Uh, something unprecedented and exciting has occurred in the land of my facial hair. I’m not sure when exactly it happened, but it did - last month I had developed what I’d argue passed as fo’ real real facial hair. It got to the point where, as I posted about prior, I could shampoo it, condition it, comb it, and trim it. Life was good. And then Halloween happened - where I had to shave it for my costume. Life was sad. But fun.

This is where the unprecedented and exciting took place:

After shaving, I looked noticeably different. My baby bare face was actually jarring to me.

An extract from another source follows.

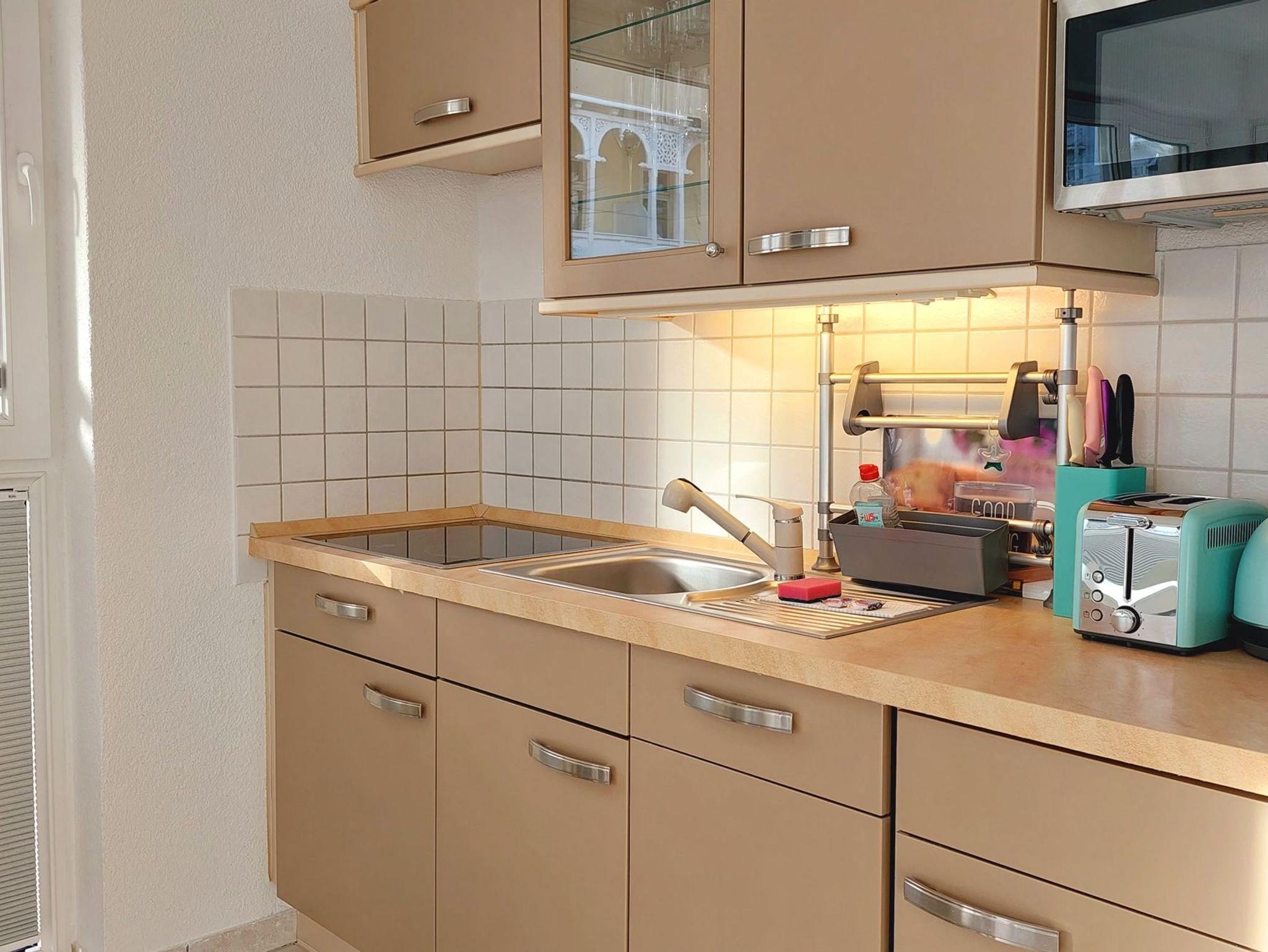 Für eine stressfreie Selbstversorgung steht eine moderne Küchenzeile mit Cerankochfeld, Mikrowelle, Geschirrspüler und eine Kaffeepadmaschine zur Verfügung.

Now, this is unprecedented and exciting because this is the first time I’ve ever a.) grown facial hair and b.) shaved it and actually looked different because what I shaved was actually noticeable.

It’s taken me two days now to adjust to my baby bare faced self and I’m growing it back as.fast.as.I.can. I suspect that I’m going to turn into my dad who went 20+ years without shaving until doing so and horrifying everyone about a month ago. Which was also exciting and unprecedented seeing as that was the first time I’d experienced having more facial hair than my dad. Or brother. Boo-ya.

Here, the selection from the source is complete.